What the task requires — Starting with the line that contains "This exquisite Cultured" and stopping after the line that contains "Trong mỗi câu", copy the entries below exactly. Include nothing else.

Data —
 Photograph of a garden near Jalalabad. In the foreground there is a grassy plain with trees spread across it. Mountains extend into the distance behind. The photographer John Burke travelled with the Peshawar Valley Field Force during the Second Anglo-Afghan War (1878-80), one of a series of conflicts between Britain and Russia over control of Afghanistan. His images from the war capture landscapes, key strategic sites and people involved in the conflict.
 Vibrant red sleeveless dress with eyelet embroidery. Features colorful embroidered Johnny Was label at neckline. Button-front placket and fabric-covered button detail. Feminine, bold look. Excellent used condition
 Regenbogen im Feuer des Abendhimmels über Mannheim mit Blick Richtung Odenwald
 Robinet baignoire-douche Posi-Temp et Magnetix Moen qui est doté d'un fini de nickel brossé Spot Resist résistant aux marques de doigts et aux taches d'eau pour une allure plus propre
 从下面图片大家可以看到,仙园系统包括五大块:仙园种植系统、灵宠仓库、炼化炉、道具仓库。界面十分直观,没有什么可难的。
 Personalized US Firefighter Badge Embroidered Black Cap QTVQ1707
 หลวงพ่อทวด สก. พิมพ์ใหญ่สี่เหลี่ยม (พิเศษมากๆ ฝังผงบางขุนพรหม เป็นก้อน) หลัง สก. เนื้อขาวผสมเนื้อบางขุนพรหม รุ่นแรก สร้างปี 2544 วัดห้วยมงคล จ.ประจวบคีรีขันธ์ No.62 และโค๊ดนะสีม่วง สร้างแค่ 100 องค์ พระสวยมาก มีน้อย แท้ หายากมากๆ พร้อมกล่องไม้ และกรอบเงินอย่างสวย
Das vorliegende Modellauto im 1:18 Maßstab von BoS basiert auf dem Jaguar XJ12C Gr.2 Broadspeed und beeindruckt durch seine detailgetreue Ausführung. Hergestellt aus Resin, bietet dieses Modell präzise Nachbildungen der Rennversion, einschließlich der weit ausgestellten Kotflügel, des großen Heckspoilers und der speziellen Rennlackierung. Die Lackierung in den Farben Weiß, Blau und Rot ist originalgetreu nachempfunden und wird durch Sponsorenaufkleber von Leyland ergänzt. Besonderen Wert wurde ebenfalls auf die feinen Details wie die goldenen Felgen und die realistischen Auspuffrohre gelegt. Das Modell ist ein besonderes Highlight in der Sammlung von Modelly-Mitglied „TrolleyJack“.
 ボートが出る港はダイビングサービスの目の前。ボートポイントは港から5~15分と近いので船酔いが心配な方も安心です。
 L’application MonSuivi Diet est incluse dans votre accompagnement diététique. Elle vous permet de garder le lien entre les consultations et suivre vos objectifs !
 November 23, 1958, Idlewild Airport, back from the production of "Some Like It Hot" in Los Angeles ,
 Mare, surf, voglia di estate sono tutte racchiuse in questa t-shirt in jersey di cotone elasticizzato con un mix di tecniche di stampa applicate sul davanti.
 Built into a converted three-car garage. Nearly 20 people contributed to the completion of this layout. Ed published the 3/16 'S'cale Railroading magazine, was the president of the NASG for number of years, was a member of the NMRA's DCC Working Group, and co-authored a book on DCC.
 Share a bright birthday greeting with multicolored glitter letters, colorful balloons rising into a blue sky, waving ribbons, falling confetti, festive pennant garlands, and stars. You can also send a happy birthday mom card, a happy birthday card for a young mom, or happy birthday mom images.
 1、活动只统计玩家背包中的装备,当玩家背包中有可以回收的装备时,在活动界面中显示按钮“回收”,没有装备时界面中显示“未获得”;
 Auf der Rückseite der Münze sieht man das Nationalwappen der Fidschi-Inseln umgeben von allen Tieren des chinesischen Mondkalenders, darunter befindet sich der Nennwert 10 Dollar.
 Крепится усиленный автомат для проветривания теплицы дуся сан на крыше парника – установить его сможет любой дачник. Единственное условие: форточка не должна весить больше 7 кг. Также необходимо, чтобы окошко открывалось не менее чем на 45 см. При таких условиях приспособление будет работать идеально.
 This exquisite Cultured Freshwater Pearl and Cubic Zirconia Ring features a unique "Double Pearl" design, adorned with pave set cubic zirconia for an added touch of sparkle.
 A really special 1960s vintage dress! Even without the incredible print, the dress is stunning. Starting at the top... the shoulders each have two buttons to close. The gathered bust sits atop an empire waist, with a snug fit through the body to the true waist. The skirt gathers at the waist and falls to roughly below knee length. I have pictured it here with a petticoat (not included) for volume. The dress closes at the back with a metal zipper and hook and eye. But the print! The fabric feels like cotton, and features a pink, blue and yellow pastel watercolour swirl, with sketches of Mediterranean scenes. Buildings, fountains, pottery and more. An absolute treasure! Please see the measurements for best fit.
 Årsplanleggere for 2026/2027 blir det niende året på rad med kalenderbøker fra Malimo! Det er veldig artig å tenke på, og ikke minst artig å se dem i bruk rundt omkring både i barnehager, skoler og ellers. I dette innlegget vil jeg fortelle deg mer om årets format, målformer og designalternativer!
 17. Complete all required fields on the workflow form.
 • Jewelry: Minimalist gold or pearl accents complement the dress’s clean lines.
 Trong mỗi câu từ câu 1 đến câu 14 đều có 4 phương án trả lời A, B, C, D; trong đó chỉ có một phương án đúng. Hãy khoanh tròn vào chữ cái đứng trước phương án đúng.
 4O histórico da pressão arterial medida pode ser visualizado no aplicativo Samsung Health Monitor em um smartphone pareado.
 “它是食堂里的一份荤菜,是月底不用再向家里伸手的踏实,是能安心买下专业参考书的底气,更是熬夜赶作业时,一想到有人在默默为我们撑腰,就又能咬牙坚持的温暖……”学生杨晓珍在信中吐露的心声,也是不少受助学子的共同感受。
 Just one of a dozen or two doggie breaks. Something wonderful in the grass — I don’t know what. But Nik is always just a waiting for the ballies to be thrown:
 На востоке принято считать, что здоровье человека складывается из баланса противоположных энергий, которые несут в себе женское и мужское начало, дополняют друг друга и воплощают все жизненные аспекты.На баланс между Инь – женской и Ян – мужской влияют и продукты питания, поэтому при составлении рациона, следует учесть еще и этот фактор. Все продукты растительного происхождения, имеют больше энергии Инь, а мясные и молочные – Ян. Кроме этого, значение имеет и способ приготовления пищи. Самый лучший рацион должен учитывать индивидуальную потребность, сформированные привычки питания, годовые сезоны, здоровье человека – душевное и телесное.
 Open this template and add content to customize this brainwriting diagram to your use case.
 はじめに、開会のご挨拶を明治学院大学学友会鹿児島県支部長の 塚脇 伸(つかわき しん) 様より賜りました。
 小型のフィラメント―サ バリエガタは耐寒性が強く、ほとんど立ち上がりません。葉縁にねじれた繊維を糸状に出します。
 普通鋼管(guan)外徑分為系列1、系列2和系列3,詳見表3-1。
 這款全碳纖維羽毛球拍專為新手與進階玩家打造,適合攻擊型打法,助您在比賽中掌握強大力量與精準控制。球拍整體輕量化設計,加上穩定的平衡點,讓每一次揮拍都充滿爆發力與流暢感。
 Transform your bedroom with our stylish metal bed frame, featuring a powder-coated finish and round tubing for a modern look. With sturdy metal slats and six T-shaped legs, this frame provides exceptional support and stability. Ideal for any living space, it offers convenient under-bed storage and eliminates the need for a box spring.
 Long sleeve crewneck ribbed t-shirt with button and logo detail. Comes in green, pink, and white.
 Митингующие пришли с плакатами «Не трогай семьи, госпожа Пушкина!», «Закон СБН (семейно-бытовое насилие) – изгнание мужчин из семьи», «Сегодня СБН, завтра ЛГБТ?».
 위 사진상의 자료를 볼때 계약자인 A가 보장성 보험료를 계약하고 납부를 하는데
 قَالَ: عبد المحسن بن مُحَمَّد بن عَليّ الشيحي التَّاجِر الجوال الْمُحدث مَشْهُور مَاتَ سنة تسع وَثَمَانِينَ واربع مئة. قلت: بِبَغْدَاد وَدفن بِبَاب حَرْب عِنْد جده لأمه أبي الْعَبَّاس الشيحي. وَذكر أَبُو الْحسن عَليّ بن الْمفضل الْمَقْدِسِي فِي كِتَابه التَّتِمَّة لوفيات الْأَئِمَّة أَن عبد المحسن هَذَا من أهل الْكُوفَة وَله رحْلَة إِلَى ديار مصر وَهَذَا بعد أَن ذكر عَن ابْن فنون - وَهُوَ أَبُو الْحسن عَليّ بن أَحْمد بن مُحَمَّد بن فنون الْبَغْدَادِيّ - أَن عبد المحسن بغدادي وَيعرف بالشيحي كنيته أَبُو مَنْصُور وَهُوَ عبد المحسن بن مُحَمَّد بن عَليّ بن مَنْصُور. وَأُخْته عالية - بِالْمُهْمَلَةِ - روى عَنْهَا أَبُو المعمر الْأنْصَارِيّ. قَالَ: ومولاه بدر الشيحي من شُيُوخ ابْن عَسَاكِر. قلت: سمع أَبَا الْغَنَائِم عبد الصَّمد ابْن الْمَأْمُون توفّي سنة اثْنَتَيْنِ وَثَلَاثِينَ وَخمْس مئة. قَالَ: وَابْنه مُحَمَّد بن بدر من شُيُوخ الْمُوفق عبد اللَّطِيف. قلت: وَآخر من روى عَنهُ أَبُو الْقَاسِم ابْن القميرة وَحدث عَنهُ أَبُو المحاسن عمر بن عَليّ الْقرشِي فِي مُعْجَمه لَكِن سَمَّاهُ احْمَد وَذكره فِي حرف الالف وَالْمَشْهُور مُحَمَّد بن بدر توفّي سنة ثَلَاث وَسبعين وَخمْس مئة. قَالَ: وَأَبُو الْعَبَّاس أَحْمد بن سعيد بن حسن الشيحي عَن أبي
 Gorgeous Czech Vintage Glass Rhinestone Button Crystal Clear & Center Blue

Output —
 This exquisite Cultured Freshwater Pearl and Cubic Zirconia Ring features a unique "Double Pearl" design, adorned with pave set cubic zirconia for an added touch of sparkle.
 A really special 1960s vintage dress! Even without the incredible print, the dress is stunning. Starting at the top... the shoulders each have two buttons to close. The gathered bust sits atop an empire waist, with a snug fit through the body to the true waist. The skirt gathers at the waist and falls to roughly below knee length. I have pictured it here with a petticoat (not included) for volume. The dress closes at the back with a metal zipper and hook and eye. But the print! The fabric feels like cotton, and features a pink, blue and yellow pastel watercolour swirl, with sketches of Mediterranean scenes. Buildings, fountains, pottery and more. An absolute treasure! Please see the measurements for best fit.
 Årsplanleggere for 2026/2027 blir det niende året på rad med kalenderbøker fra Malimo! Det er veldig artig å tenke på, og ikke minst artig å se dem i bruk rundt omkring både i barnehager, skoler og ellers. I dette innlegget vil jeg fortelle deg mer om årets format, målformer og designalternativer!
 17. Complete all required fields on the workflow form.
 • Jewelry: Minimalist gold or pearl accents complement the dress’s clean lines.
 Trong mỗi câu từ câu 1 đến câu 14 đều có 4 phương án trả lời A, B, C, D; trong đó chỉ có một phương án đúng. Hãy khoanh tròn vào chữ cái đứng trước phương án đúng.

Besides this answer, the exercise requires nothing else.